> **Problem**: Nothing but the lines below from the one containing "黒留袖 正絹一越 比翼 枝桜 地紙 波 松 鶴 163cm前後" through the one containing "Hand made hickory" should appear in the answer, exact and without pictures.

> **Record excerpts**:

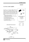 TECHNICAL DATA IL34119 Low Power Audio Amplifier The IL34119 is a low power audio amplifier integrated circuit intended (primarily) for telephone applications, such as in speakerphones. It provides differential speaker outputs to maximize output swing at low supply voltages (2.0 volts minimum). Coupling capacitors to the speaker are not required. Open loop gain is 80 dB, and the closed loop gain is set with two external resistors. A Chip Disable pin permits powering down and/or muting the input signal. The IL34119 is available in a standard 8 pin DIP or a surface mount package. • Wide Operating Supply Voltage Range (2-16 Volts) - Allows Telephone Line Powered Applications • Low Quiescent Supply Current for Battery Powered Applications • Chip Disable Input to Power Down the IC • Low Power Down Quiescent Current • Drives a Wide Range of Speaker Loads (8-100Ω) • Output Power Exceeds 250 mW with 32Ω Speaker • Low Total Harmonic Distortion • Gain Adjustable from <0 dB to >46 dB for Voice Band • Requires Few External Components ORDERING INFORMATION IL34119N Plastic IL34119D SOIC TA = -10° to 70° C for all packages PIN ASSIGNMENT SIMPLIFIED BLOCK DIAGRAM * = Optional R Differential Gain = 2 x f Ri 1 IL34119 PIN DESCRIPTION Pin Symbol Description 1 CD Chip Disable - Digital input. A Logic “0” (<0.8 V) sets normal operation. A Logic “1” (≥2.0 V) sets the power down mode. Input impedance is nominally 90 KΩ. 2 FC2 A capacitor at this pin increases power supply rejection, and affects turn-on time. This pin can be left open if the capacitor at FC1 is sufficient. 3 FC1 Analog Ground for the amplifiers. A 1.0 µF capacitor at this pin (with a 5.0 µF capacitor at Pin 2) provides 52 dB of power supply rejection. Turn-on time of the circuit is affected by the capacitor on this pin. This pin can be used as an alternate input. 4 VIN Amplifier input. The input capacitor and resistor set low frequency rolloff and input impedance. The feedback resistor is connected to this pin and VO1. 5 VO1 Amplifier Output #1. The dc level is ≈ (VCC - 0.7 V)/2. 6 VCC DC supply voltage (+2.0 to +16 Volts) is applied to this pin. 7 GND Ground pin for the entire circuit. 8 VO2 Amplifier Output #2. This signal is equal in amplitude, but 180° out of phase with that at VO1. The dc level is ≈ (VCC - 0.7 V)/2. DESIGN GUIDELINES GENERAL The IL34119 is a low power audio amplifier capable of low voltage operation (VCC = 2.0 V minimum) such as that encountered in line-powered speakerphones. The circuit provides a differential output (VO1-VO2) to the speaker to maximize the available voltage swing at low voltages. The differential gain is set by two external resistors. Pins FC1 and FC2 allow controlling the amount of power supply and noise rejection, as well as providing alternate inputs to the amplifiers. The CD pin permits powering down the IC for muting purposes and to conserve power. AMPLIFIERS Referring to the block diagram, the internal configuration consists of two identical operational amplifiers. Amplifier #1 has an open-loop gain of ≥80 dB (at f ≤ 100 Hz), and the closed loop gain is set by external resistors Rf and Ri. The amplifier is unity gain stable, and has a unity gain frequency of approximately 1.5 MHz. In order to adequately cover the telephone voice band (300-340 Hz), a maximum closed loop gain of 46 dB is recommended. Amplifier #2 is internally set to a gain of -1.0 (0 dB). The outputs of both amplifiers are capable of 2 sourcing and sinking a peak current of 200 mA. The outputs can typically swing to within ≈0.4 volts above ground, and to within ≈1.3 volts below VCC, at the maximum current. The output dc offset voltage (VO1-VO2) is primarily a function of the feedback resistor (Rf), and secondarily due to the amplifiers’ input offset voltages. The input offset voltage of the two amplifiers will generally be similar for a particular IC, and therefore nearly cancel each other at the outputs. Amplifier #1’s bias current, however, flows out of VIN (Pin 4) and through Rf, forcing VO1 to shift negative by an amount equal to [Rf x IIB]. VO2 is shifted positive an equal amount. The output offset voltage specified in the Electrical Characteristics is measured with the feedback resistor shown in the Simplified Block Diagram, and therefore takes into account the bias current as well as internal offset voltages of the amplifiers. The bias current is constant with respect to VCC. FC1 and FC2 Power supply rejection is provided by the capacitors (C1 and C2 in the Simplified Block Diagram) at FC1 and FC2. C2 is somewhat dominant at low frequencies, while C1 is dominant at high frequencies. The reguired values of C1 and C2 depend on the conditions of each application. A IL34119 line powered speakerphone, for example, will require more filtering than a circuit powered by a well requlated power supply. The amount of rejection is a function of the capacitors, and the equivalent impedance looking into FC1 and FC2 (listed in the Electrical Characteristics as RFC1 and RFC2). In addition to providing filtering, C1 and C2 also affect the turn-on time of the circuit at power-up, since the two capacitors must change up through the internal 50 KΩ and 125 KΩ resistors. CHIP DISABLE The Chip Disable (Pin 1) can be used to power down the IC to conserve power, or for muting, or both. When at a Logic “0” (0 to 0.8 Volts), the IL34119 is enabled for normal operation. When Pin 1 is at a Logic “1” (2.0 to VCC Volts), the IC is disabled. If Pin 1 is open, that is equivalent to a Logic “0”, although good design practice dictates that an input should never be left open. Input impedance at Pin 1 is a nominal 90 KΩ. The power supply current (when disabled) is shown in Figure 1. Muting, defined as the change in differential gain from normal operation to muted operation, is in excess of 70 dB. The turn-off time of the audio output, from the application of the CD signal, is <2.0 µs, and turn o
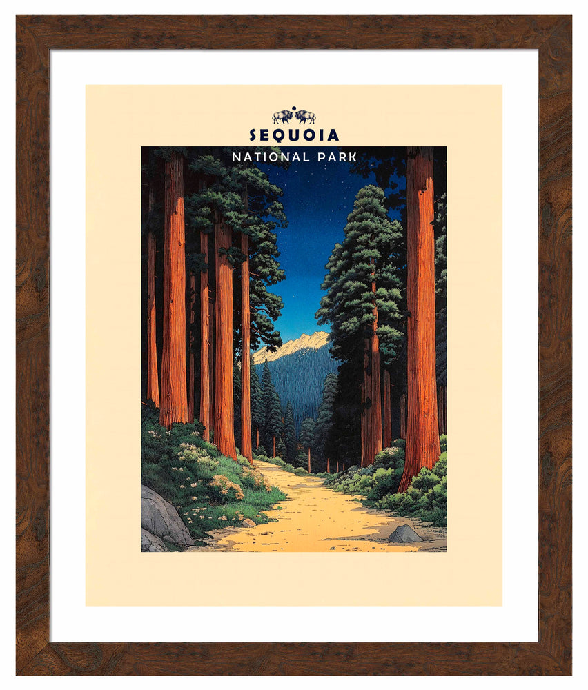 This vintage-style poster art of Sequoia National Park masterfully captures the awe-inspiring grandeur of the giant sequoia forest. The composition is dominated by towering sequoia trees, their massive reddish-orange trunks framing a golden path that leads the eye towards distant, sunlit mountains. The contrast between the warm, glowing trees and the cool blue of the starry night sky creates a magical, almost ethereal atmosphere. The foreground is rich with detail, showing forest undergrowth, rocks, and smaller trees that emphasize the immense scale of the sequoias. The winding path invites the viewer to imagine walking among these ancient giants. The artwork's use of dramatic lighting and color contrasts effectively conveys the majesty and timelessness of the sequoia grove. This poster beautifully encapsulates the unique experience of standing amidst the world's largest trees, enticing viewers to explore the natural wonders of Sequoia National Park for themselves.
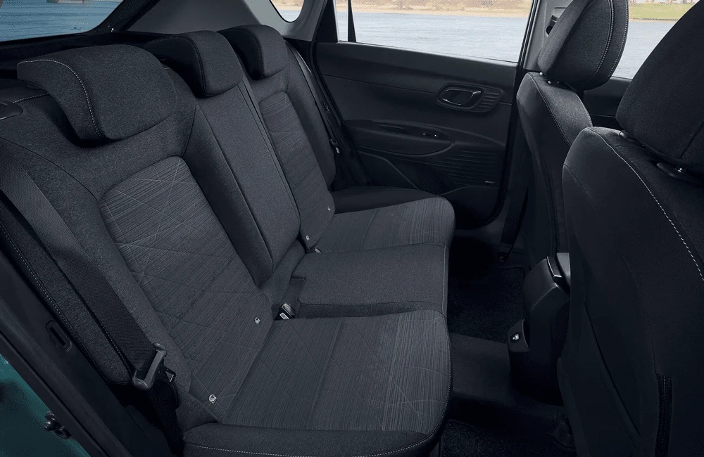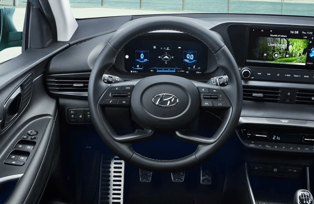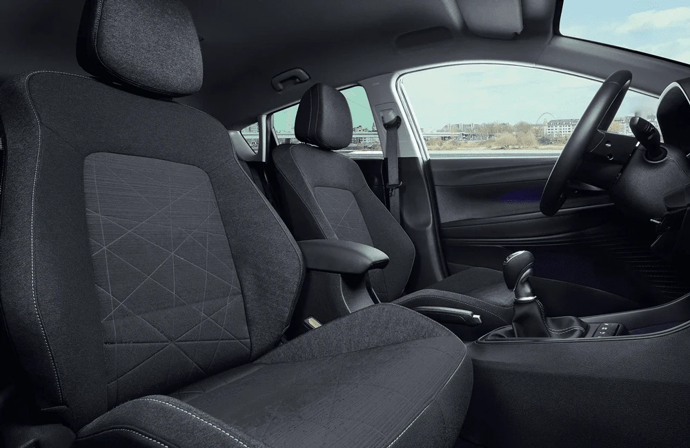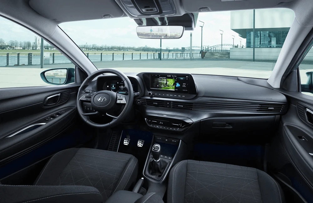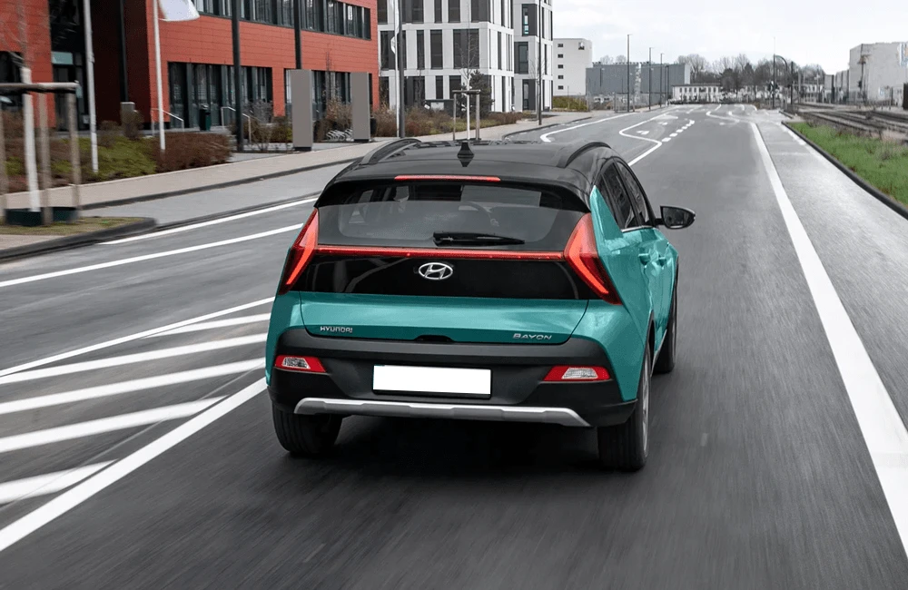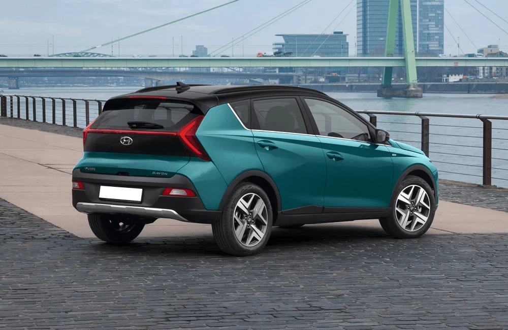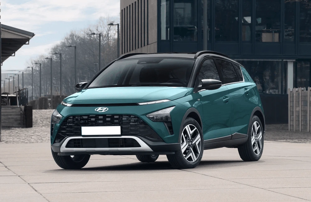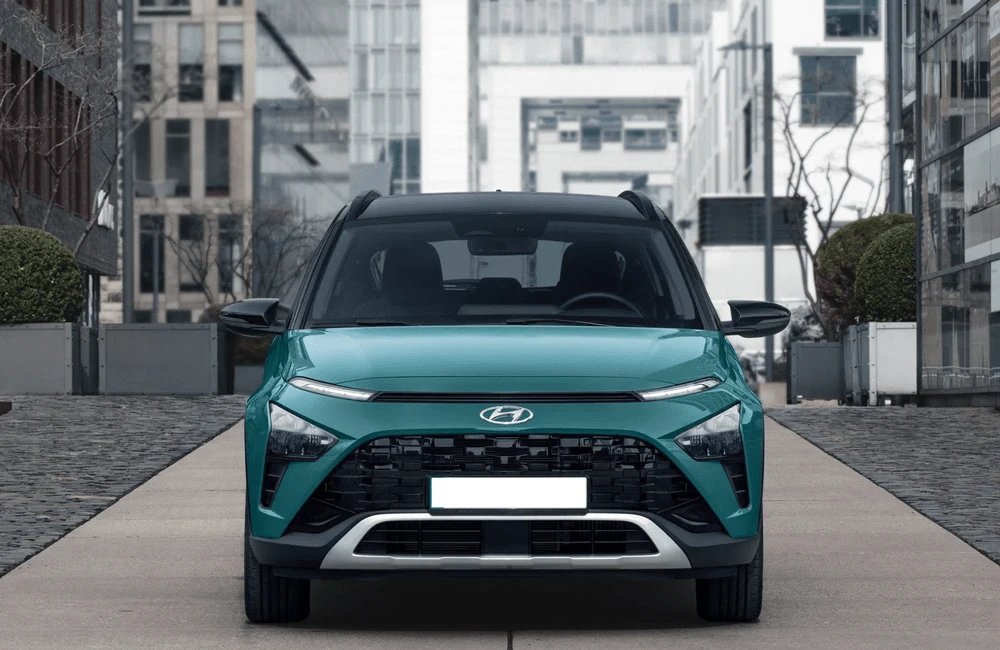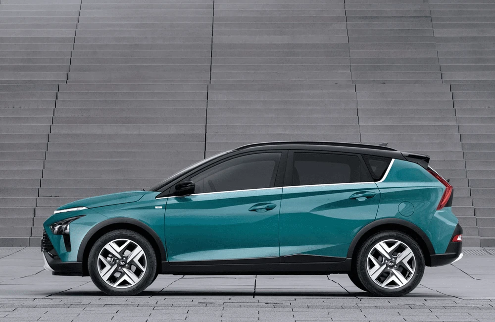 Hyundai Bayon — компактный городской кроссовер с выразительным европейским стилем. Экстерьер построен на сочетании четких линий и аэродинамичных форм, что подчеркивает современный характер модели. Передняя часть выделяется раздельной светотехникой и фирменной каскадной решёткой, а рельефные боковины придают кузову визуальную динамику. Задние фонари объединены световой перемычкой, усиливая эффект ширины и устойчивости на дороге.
---
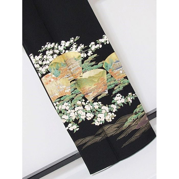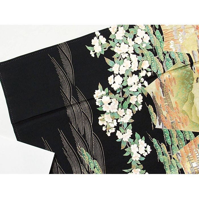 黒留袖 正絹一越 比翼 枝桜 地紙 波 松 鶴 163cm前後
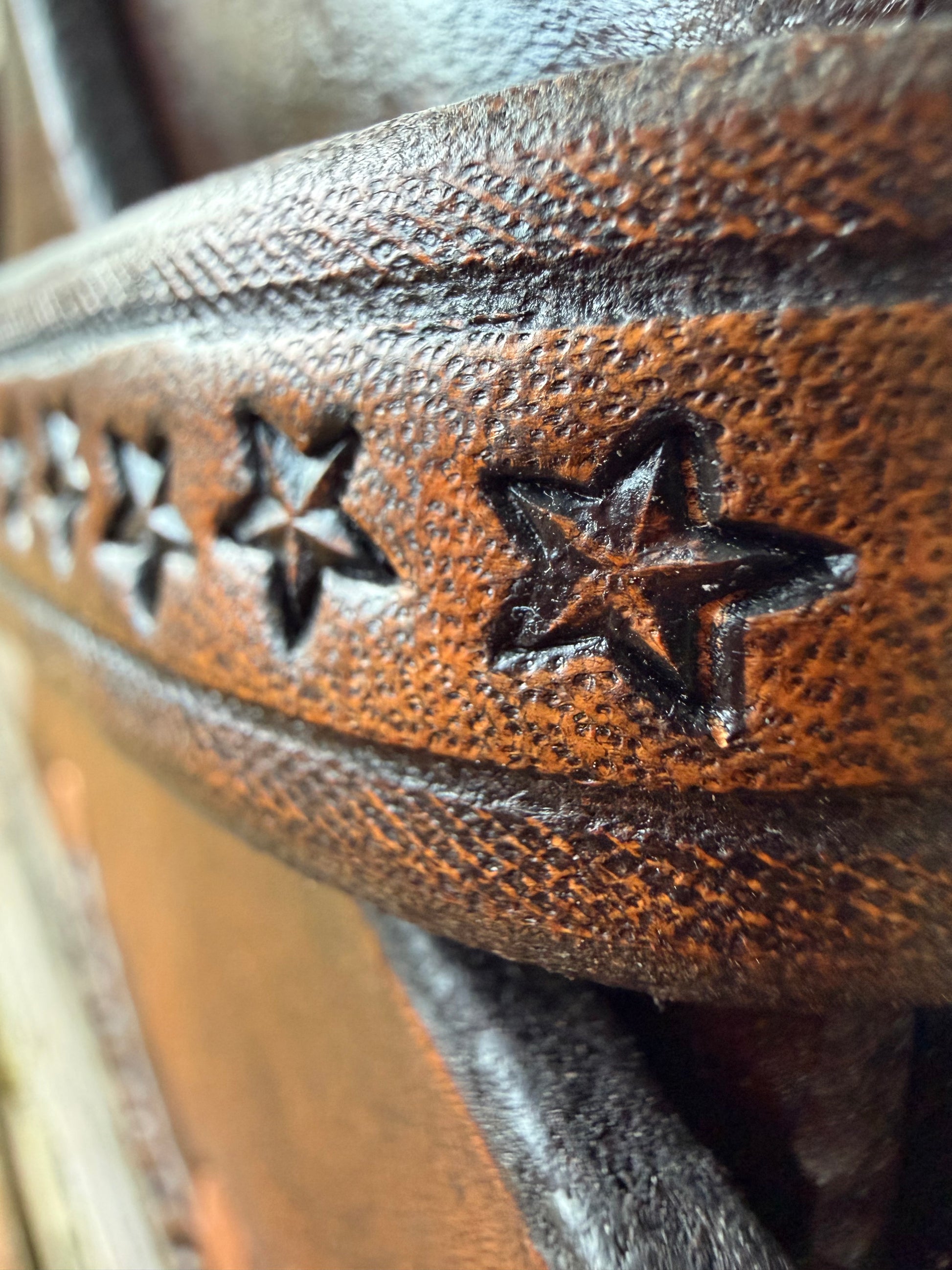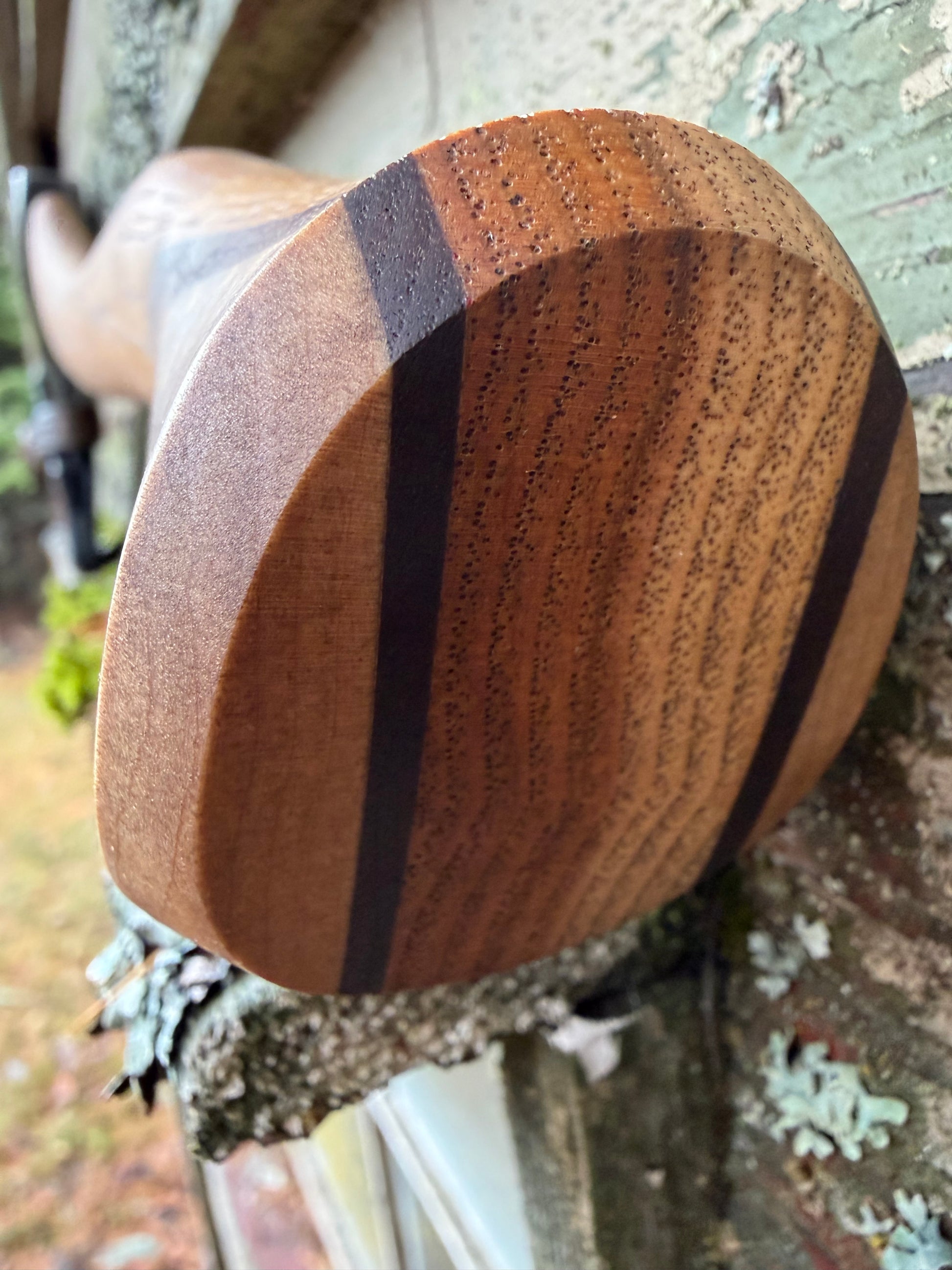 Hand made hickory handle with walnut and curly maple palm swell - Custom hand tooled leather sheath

> **Expected output**:
 黒留袖 正絹一越 比翼 枝桜 地紙 波 松 鶴 163cm前後
 Hand made hickory handle with walnut and curly maple palm swell - Custom hand tooled leather sheath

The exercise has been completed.